_Exercise instructions:_
Give the records again exactly. Pictures do not belong in the copy.

_Dataset records:_
= = = = =
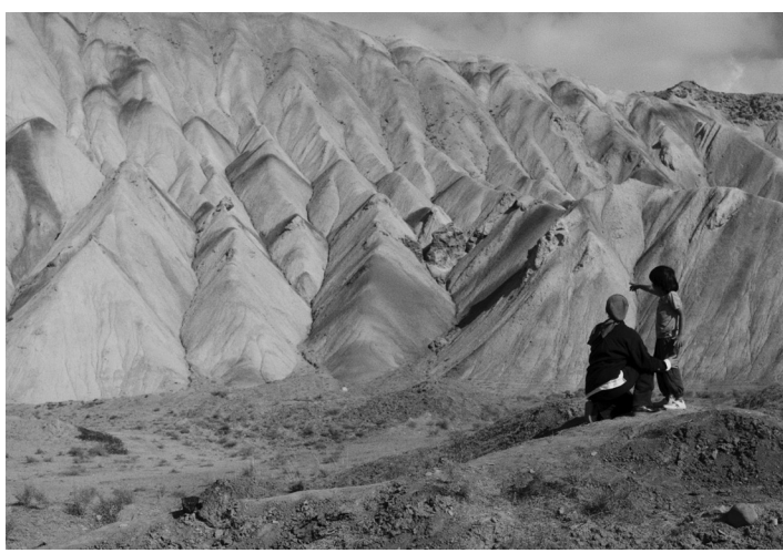
Tuesday 02 April at 6:15 pm

Slowly, Bong makes the critical connection between these people and the repressive society they live in - one where violence is commonplace and where the very nature of reality is constantly in dispute. Toward the end, the questions being asked of witnesses and suspects start to feel more existential than specific – as if, as the cops get closer and closer to the facts, the less certain everything becomes. By the time the spellbinding and mysterious final shot rolls around, we're left with this thought, the sad, mad truth of an authoritarian world: Nobody's innocent, and everybody's a victim. – Bilge Ebiri, Village Voice
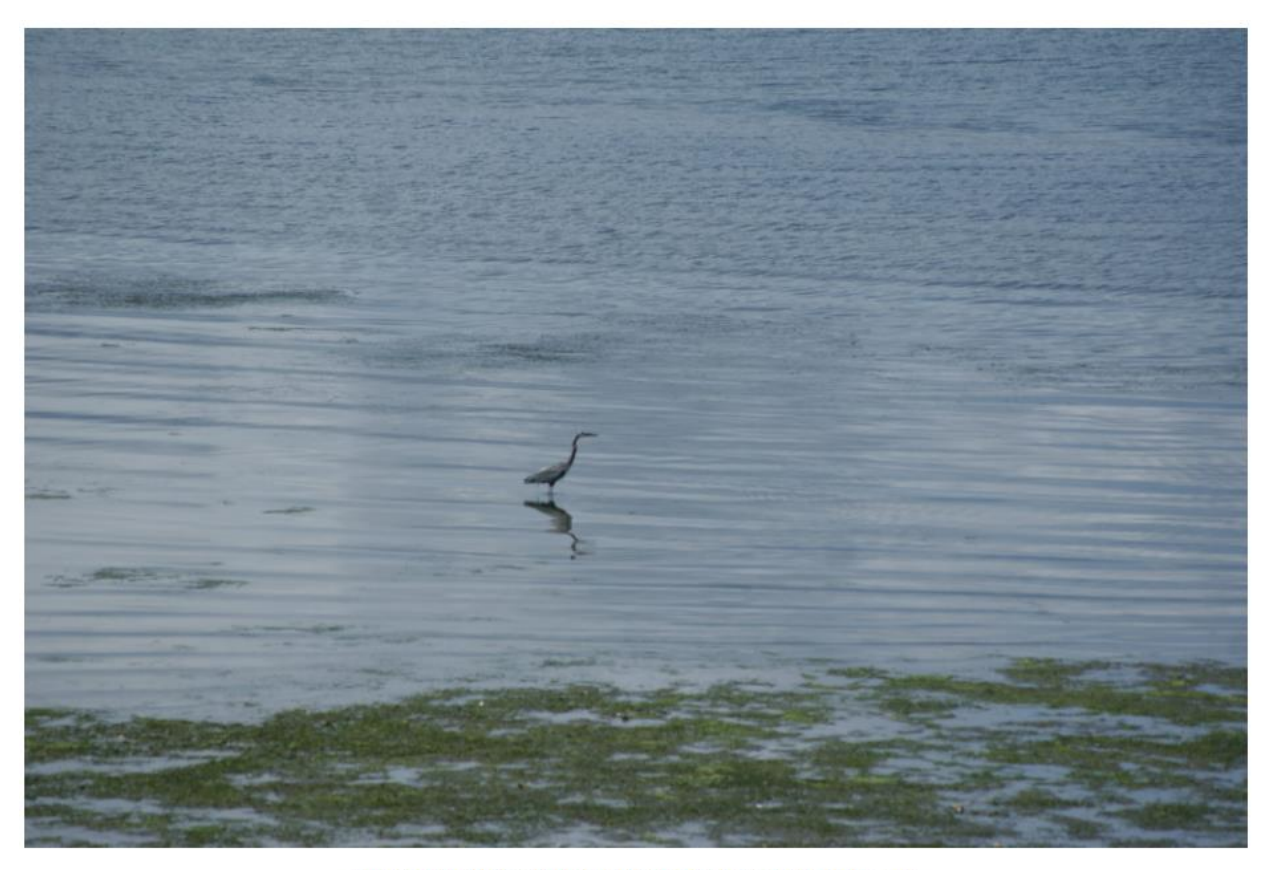
View of the water from the 3rd floor at Semiahmoo Resort
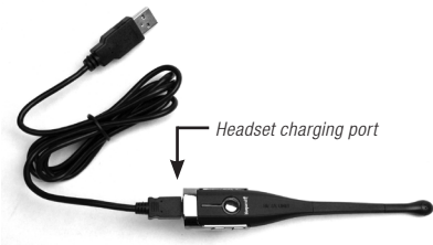
USB Cord & Auto (DC) Charger

Connect charger cord into the headset's charging port. The MFB's indicator light may turn green for several seconds while the headset determines the level of charge the battery is holding. Do not remove the headset from the charger. If the headset is not fully charged, the indicator will turn RED within a short period (less than 3 minutes). When the indicator turns green—and stays green—the unit is fully charged. A fully discharged battery will need approximately 3.5 hours to achieve a complete charge.
= = = = =
_Exercise answer:_
Tuesday 02 April at 6:15 pm

Slowly, Bong makes the critical connection between these people and the repressive society they live in - one where violence is commonplace and where the very nature of reality is constantly in dispute. Toward the end, the questions being asked of witnesses and suspects start to feel more existential than specific – as if, as the cops get closer and closer to the facts, the less certain everything becomes. By the time the spellbinding and mysterious final shot rolls around, we're left with this thought, the sad, mad truth of an authoritarian world: Nobody's innocent, and everybody's a victim. – Bilge Ebiri, Village Voice
View of the water from the 3rd floor at Semiahmoo Resort
USB Cord & Auto (DC) Charger

Connect charger cord into the headset's charging port. The MFB's indicator light may turn green for several seconds while the headset determines the level of charge the battery is holding. Do not remove the headset from the charger. If the headset is not fully charged, the indicator will turn RED within a short period (less than 3 minutes). When the indicator turns green—and stays green—the unit is fully charged. A fully discharged battery will need approximately 3.5 hours to achieve a complete charge.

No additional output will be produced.